A delegation of four House Democrats has arrived in El Salvador to push for the release of Kilmar Ábrego García, part of a mission to challenge the Trump administration’s refusal to comply with a supreme court order to facilitate the return of the immigrant to the United States.
Representatives Yassamin Ansari of Arizona, Maxine Dexter of Oregon, Maxwell Frost of Florida and Robert Garcia of California touched down in Central America on Sunday, following a visit by the Maryland senator Chris Van Hollen last week. The lawmakers are seeking to meet with Ábrego García, who had lived in the US for more than a decade before being swept up in a 15 March operation.

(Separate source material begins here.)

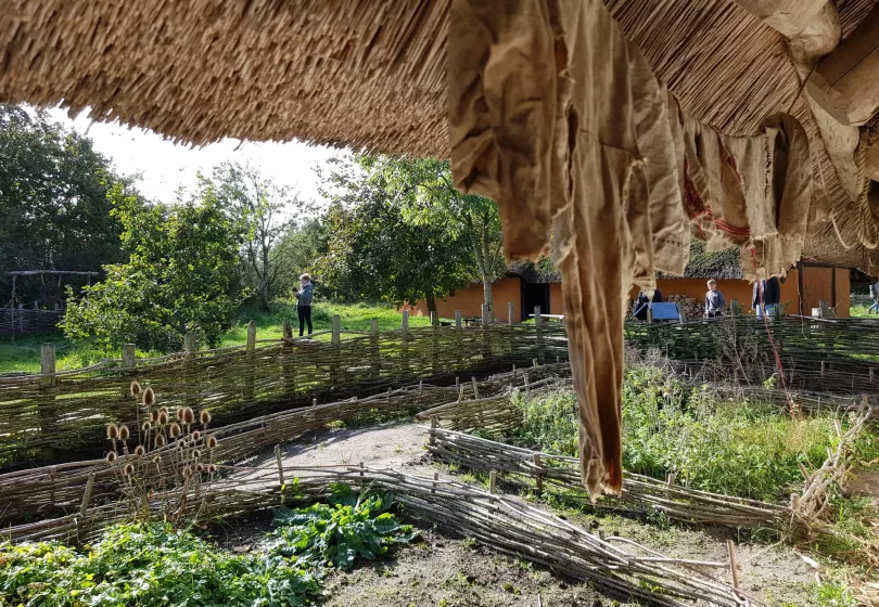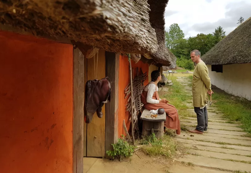 The Cobbler’s House has been reconstructed according to finds made east of the station in Ribe. The archaeologists found a group of houses standing very close together with traces of different crafts. Perhaps this house belonged to a cobbler who produced the different types of shoes that have been found during excavations in Ribe. Large quantities of leather pieces left over from shoemaking have been found, and from the cut-off scraps and the relatively poor use of materials, we can tell that skins were in good supply.

“Even with all of the illegal actions we’ve seen over the last couple of months, I think this is the one that terrifies me the most when it comes to the future of our democracy,” Ansari told the Associated Press in an interview.

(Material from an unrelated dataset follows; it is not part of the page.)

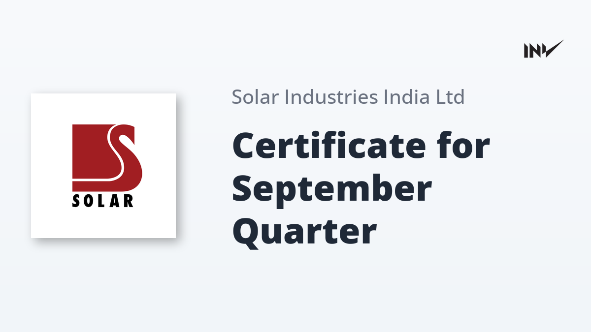 Solar Industries India has received a confirmation certificate from MUFG Intime India Private Limited, its Registrar and Transfer Agent (RTA), pertaining to regulatory requirements.

According to a congressional aide familiar with the arrangements, the delegation will meet with officials at the US embassy on Tuesday morning to advocate for Ábrego García’s release and ask about other individuals transferred from the US who are currently detained in El Salvador. The lawmakers will also receive classified briefings during their visit.
The case has become a flashpoint in the ongoing tensions between the Trump administration and the supreme court, which ruled that the government had a duty to help return Ábrego García. Justice department lawyers have argued that they lack the power to secure his release from foreign custody.
Garcia, the representative from California, said that Ábrego García deserves due process.
“They’re trying to demonize him, and we’re not here to defend him. He deserves due process, and everyone deserves due process,” Garcia told the AP. “What he did or may have done, that has to be decided by a judge.”
Ábrego García, who had protected legal status that should have prevented his deportation, was sent to El Salvador on a plane carrying alleged immigrant gang members. He is currently held in the country’s Terrorism Confinement Center (Cecot), a facility that has drawn praise from Republican lawmakers but criticism from human rights advocates.
The Trump administration admitted in court filings that “an administrative error” led to Ábrego García’s deportation to El Salvador – despite a 2019 immigration judge’s order protecting him – but the same officials say they will not return him to his American wife and disabled child in Maryland.
The White House press secretary, Karoline Leavitt, has defended the deportation, claiming Ábrego García was involved in human trafficking and terrorism, and said that if he were to return to the US, “he would immediately be deported again”.
But the controversy has even drawn criticism from some Republicans, with Senator John Kennedy of Louisiana acknowledging on NBC’s Meet the Press that “the administration won’t admit it. But this was a screw-up.”
As minority party members in both chambers of Congress, Democrats have limited leverage over the administration but are still determined on maintaining public pressure. Ansari indicated that more Democratic lawmakers plan to visit El Salvador in the coming weeks, saying: “This is about the future of our democracy and the future of due process as American citizens.”
Ábrego GarcÍa’s wife, Jennifer Vasquez Sura, said in a statement Monday that the lawmakers’ visit “sends a powerful message”.
“We’re deeply grateful to the members of Congress and advocates for justice now on the ground in El Salvador, building on the leadership of Senator Van Hollen,” she said in the statement, according to NBC News.